▶ [Exercise prompt]: Repeat exactly the lines of the material below that run from the "在这场战役中,人人都是参与者" line to the "Пустая скамейка в" line, including both, and do not carry over any pictures.

▶ [Provided data]:

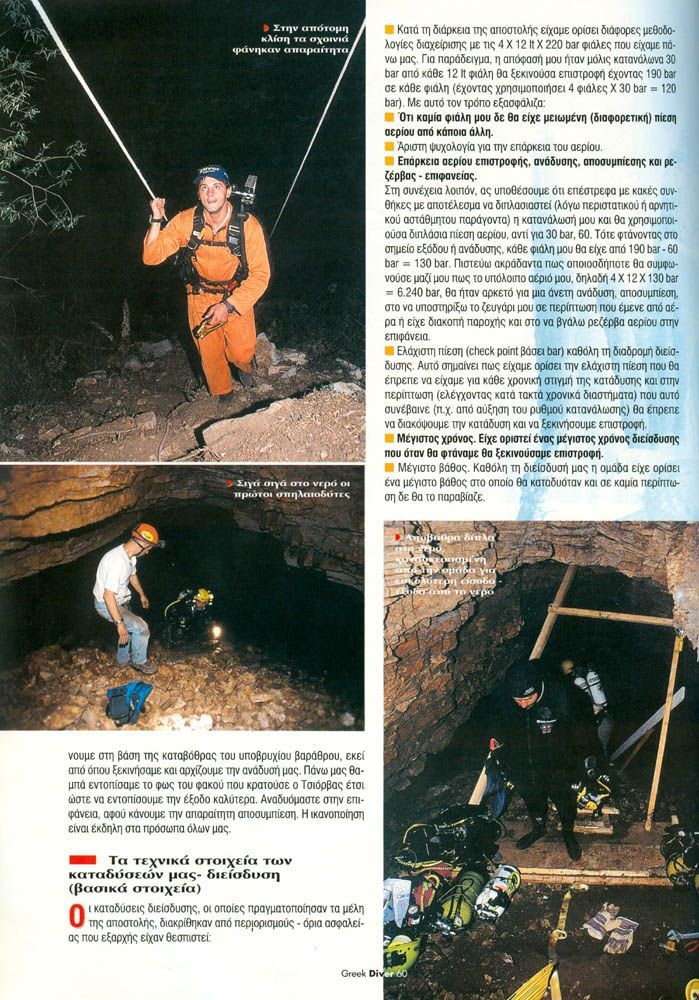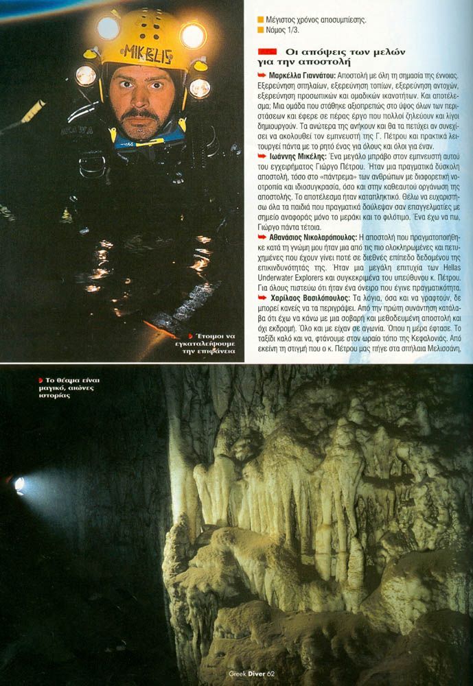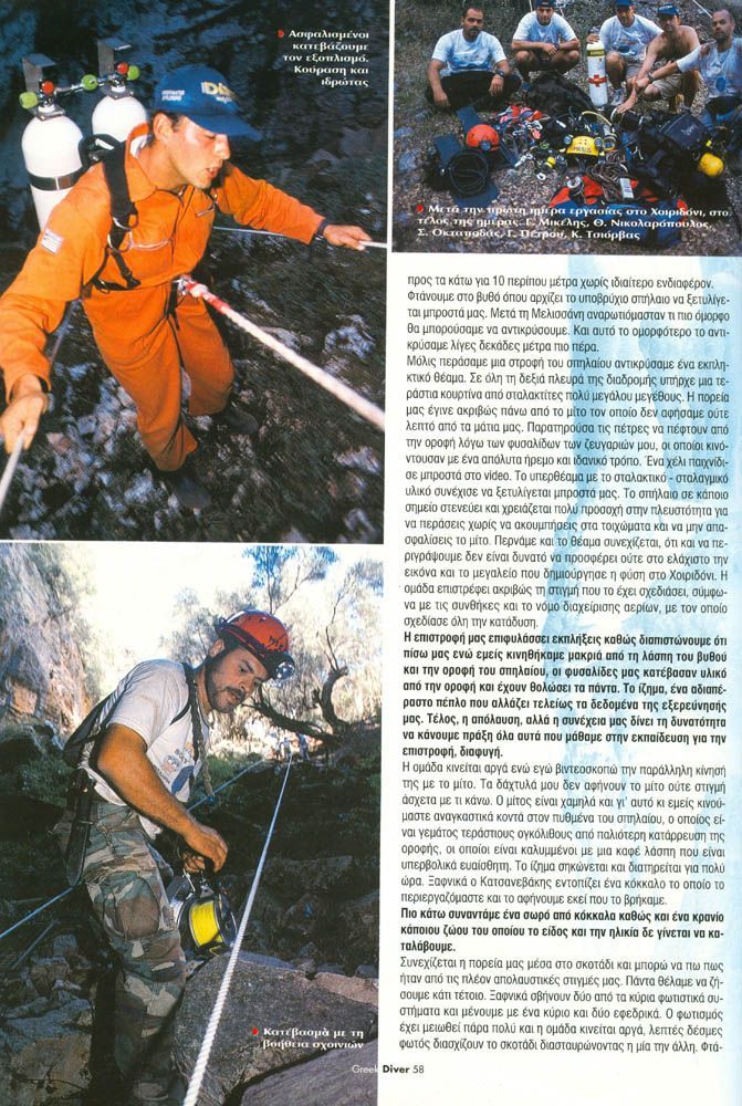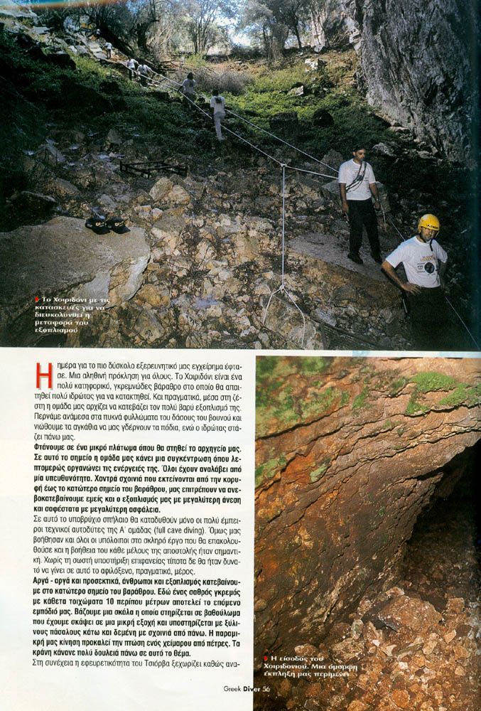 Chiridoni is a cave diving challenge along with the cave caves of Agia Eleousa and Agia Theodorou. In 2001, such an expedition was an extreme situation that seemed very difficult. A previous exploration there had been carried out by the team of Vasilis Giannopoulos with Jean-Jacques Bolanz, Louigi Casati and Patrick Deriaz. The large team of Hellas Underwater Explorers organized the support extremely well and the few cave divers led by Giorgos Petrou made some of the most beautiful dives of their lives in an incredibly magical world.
* * *
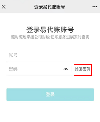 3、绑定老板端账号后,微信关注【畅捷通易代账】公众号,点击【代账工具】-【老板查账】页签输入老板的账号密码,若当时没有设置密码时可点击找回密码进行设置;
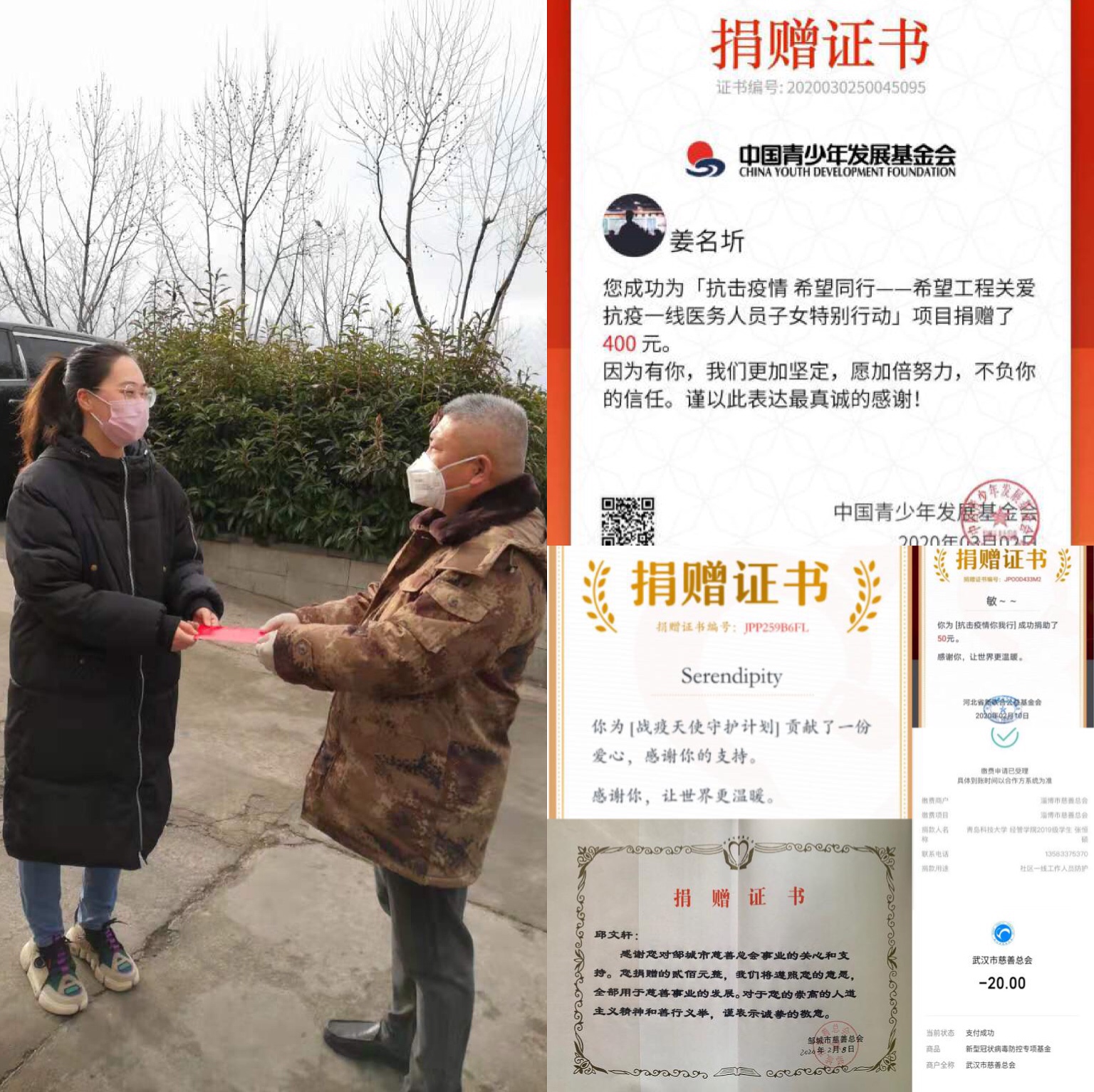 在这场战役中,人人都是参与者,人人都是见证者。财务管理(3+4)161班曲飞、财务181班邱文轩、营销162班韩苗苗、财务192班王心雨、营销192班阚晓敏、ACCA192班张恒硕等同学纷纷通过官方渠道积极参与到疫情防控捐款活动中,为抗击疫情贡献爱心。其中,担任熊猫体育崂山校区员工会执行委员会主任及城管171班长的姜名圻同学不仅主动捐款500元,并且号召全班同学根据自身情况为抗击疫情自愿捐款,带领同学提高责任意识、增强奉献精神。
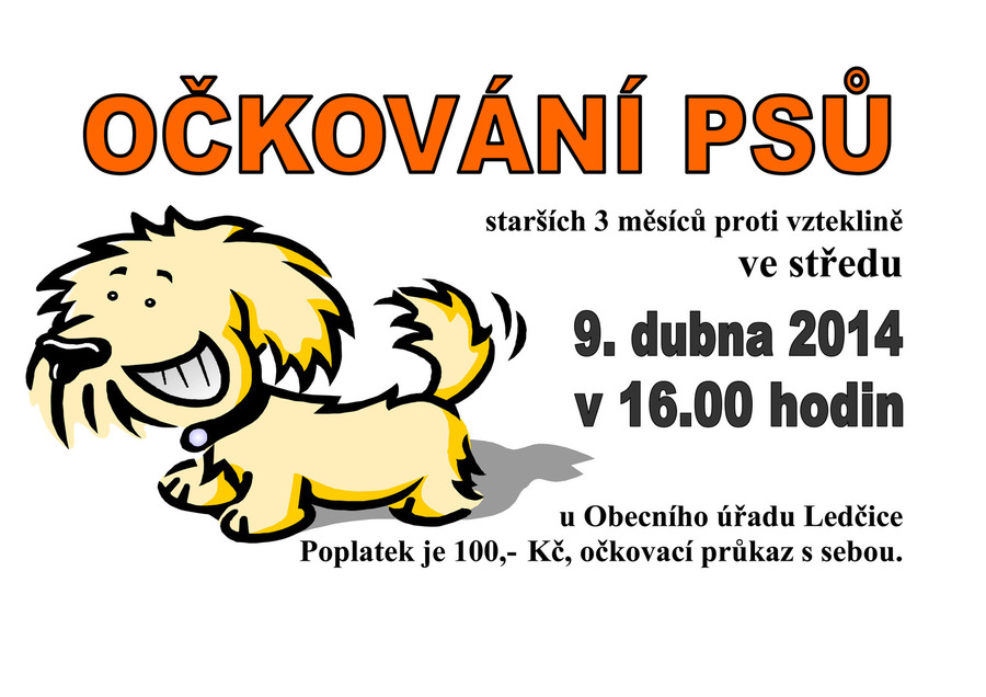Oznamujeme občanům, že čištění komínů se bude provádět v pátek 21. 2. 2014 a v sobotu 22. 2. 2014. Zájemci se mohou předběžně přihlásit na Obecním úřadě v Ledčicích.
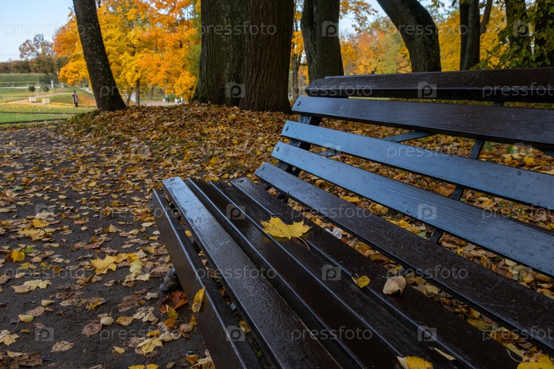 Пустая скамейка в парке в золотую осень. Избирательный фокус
---
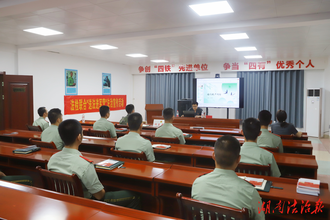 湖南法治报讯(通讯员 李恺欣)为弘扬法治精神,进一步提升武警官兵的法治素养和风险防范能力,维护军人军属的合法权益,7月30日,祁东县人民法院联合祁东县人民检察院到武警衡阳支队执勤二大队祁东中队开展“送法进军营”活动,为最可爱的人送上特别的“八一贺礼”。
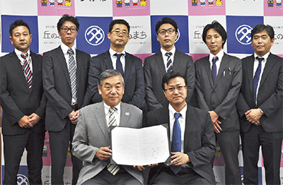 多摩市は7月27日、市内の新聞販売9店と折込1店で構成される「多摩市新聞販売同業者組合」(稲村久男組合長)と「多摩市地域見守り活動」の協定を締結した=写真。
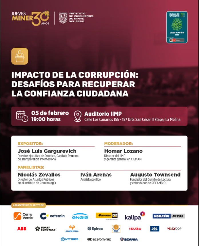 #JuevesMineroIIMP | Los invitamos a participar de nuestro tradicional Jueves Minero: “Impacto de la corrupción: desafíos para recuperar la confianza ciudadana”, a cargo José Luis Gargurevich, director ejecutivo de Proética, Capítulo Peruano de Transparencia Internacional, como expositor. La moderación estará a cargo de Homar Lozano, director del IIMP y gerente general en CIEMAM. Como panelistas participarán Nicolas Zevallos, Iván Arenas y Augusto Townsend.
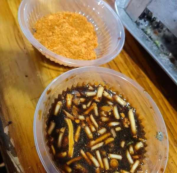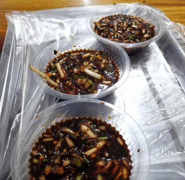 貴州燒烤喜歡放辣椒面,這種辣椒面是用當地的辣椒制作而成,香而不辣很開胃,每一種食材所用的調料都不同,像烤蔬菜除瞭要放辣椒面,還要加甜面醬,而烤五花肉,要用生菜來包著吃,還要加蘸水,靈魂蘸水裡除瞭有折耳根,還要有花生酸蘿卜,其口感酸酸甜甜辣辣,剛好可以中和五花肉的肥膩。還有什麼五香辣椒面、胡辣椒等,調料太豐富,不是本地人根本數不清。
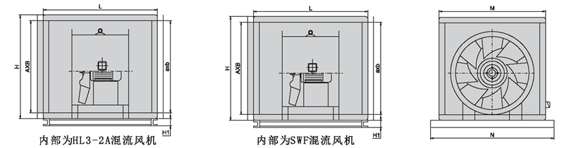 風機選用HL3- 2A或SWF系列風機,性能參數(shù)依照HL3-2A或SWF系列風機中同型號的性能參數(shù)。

▶ [Your response]:
 在这场战役中,人人都是参与者,人人都是见证者。财务管理(3+4)161班曲飞、财务181班邱文轩、营销162班韩苗苗、财务192班王心雨、营销192班阚晓敏、ACCA192班张恒硕等同学纷纷通过官方渠道积极参与到疫情防控捐款活动中,为抗击疫情贡献爱心。其中,担任熊猫体育崂山校区员工会执行委员会主任及城管171班长的姜名圻同学不仅主动捐款500元,并且号召全班同学根据自身情况为抗击疫情自愿捐款,带领同学提高责任意识、增强奉献精神。
Oznamujeme občanům, že čištění komínů se bude provádět v pátek 21. 2. 2014 a v sobotu 22. 2. 2014. Zájemci se mohou předběžně přihlásit na Obecním úřadě v Ledčicích.
 Пустая скамейка в парке в золотую осень. Избирательный фокус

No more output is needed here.